* RECORDS FOR THE TASK *
.....

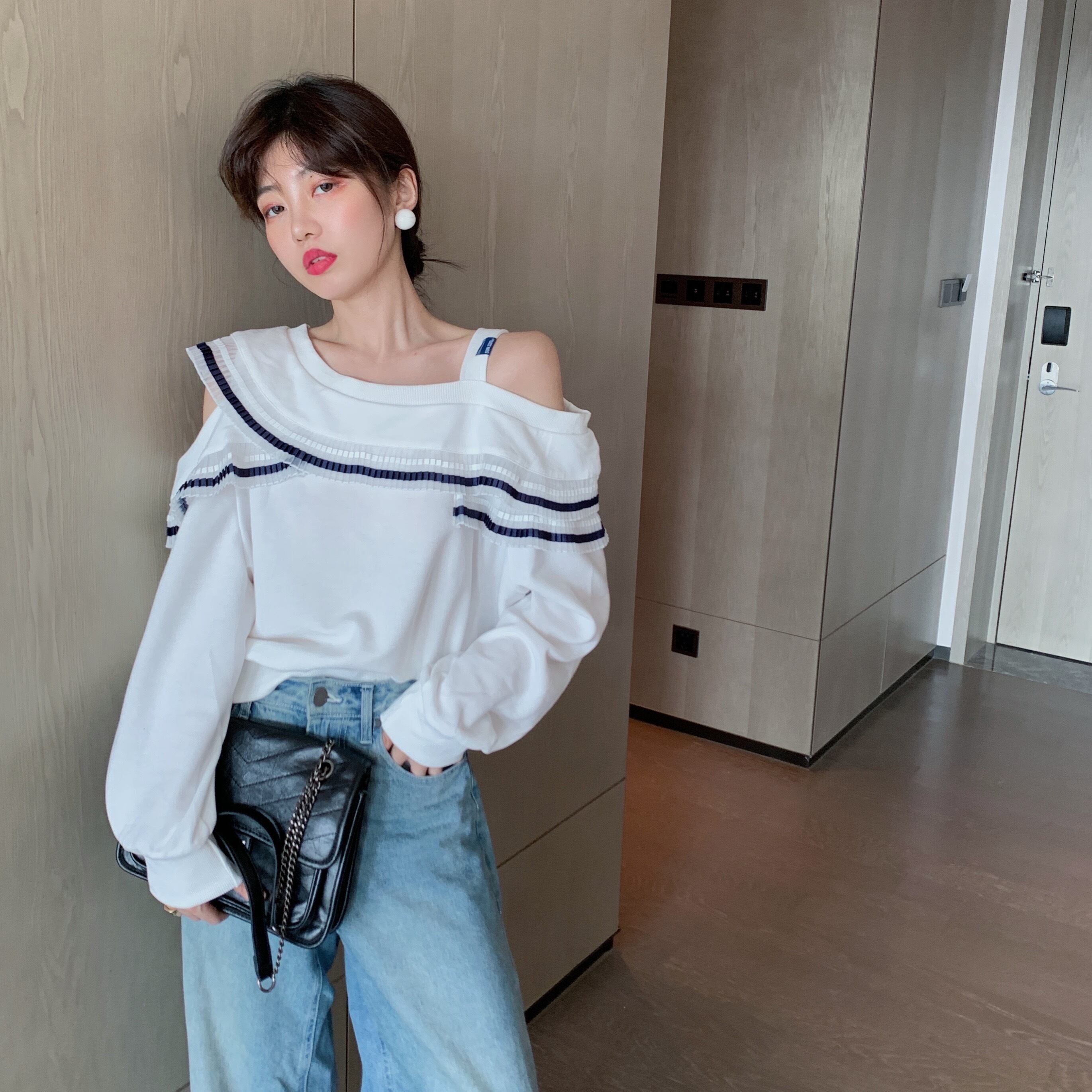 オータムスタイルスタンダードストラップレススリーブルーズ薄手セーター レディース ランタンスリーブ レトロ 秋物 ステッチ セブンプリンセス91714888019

.....

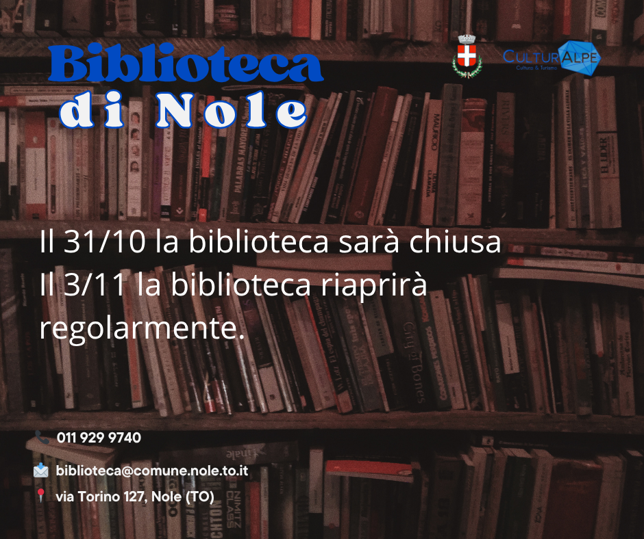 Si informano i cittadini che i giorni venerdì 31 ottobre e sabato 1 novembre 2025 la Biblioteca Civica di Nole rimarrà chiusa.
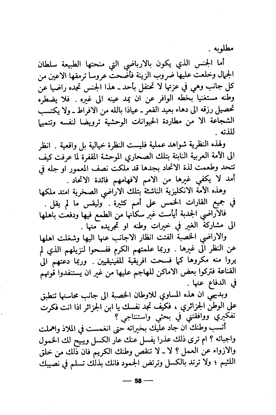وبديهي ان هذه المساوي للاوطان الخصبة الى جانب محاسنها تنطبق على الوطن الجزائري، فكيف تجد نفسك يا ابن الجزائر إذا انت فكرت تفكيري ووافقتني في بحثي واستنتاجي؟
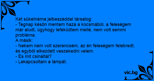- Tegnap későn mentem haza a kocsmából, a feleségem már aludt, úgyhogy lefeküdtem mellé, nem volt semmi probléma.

.....

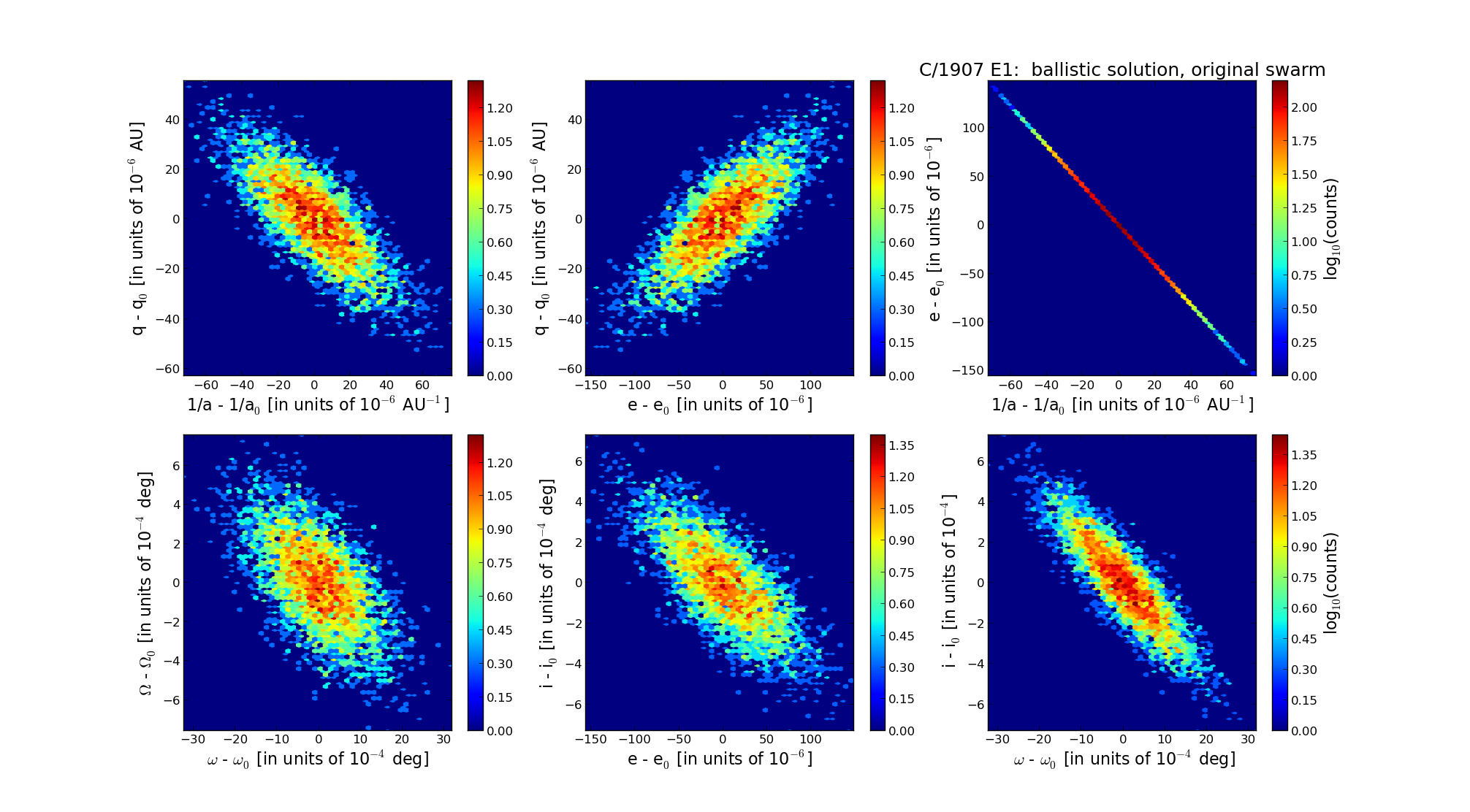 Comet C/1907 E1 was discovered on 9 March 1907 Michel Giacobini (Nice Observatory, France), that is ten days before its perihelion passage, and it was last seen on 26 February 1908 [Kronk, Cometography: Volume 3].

.....

* WORK INSTRUCTIONS *
Lines wanted from the entries above: the one with "Si informano i", the one with "وبديهي ان هذه", and all lines between. Please copy them exactly, without the pictures and without anything else.

* ANSWER TO THE PROBLEM *
 Si informano i cittadini che i giorni venerdì 31 ottobre e sabato 1 novembre 2025 la Biblioteca Civica di Nole rimarrà chiusa.
وبديهي ان هذه المساوي للاوطان الخصبة الى جانب محاسنها تنطبق على الوطن الجزائري، فكيف تجد نفسك يا ابن الجزائر إذا انت فكرت تفكيري ووافقتني في بحثي واستنتاجي؟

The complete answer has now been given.